Since Terraform Core is already a pretty complicated codebase with many interacting features, our usual definition of "pragmatism" is unfortunately kinda the opposite of your framing here: everything should be implemented in providers unless there's a technical reason why it cannot be, or if it would behave better when implemented in Terraform Core. Anything in Terraform Core must necessarily be more complicated in order to meet many possible use-cases at once, whereas something in a provider can focus only on the needs of that particular target system. Rate limiting strategies vary between systems, so I expect it will be simpler to implement a throttle focused on one particular target system rather than a generic solution that works well for everything.

Given that your original framing here suggested that this was related to Azure in particular -- and, if I'm reading right, possibly for one specific Azure service that happens to have an aggressive rate limit -- I would suggest starting by sharing this use-case in the Azure provider repository. You might be right that the Azure provider team would find this less important to implement than other things in the provider, but that is a decision for that team to make, and isn't sufficient reason to implement something in Terraform Core where we also need to carefully prioritize our work to ensure we're implementing the most impactful things, and that we can continue to maintain all of the many core features efficiently in future.

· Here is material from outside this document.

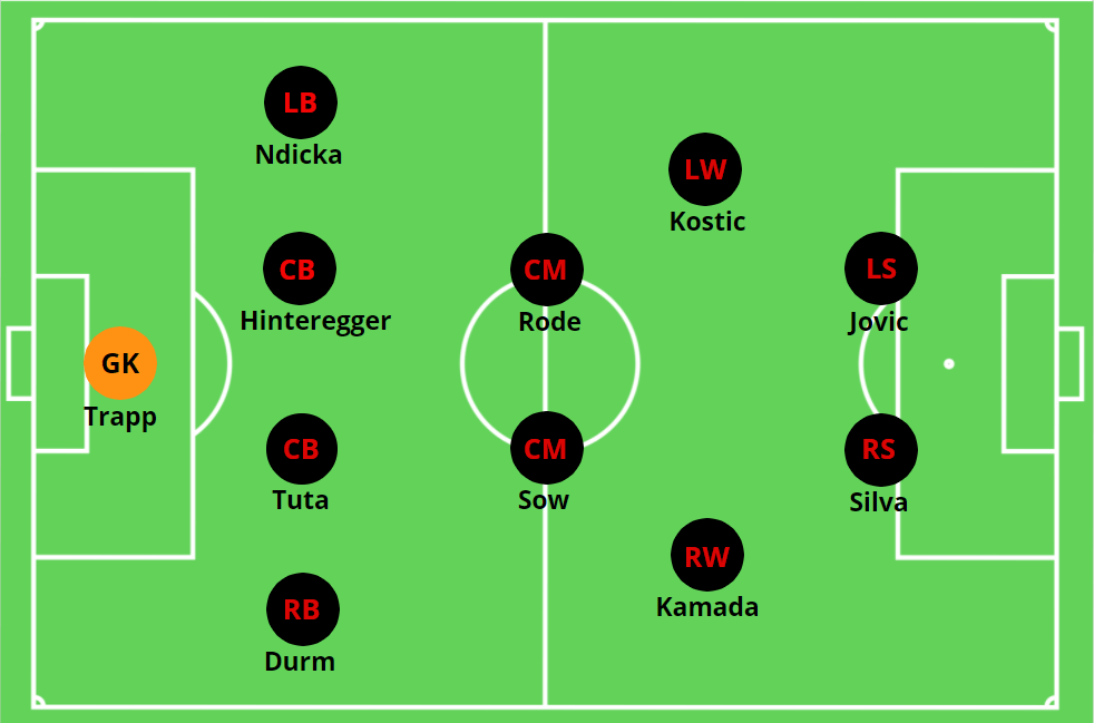 Oliver Glasner played his preferred 4-2-3-1 formation a total of 29 times in 34 matches last season. As he arrives in Frankfurt, the question then becomes – will Glasner stick to his system, or adapt to Frankfurt’s? The 4-2-3-1 benefited Wolfsburg’s directness, verticality and intelligent pressing. It was a very narrow 4-2-3-1, and one that always looked to funnel passes into Wout Weghorst and play to the big man’s strengths. At Wolfsburg, Glasner utilized a more defensive presence as the team’s number 10, with chance creation and attacking fervidity coming more from very narrow wingers and central midfielders galloping forward. All of them worked in tandem to feed Wout Weghorst, which again, should be similar to what can be accomplished next season with Andre Silva. While Kamada is more of a creator, he could also play on the right wing in any formation, as Kostic continues to play in an advanced role on the left.

If the Azure provider team does find that this would be more practical to implement with some help from Terraform Core features then we can have that discussion, but I'd like to let them take the lead on determining that. Within the bounds of the provider protocol today in principle a provider could:

  • If necessary, offer optional arguments in the provider configuration to control rate limits. (I expect that would be necessary only if these rate-limits vary significantly between customers and cannot be discovered automatically via the API.)
  • Either configure the existing platform SDK client to block and retry when a rate limit is exceeded, if the SDK offers such a feature, or wrap the SDK client with something new that does. From Terraform Core's perspective, this would just look like a particular request taking longer, which Terraform Core should tolerate just fine.
  • If it seems likely that rate limiting will sometimes cause a long delay, consider also supporting cancellation via the Stop message to immediately halt backoff/retry and return an error, so that Ctrl+C will work to interrupt the long-running operation.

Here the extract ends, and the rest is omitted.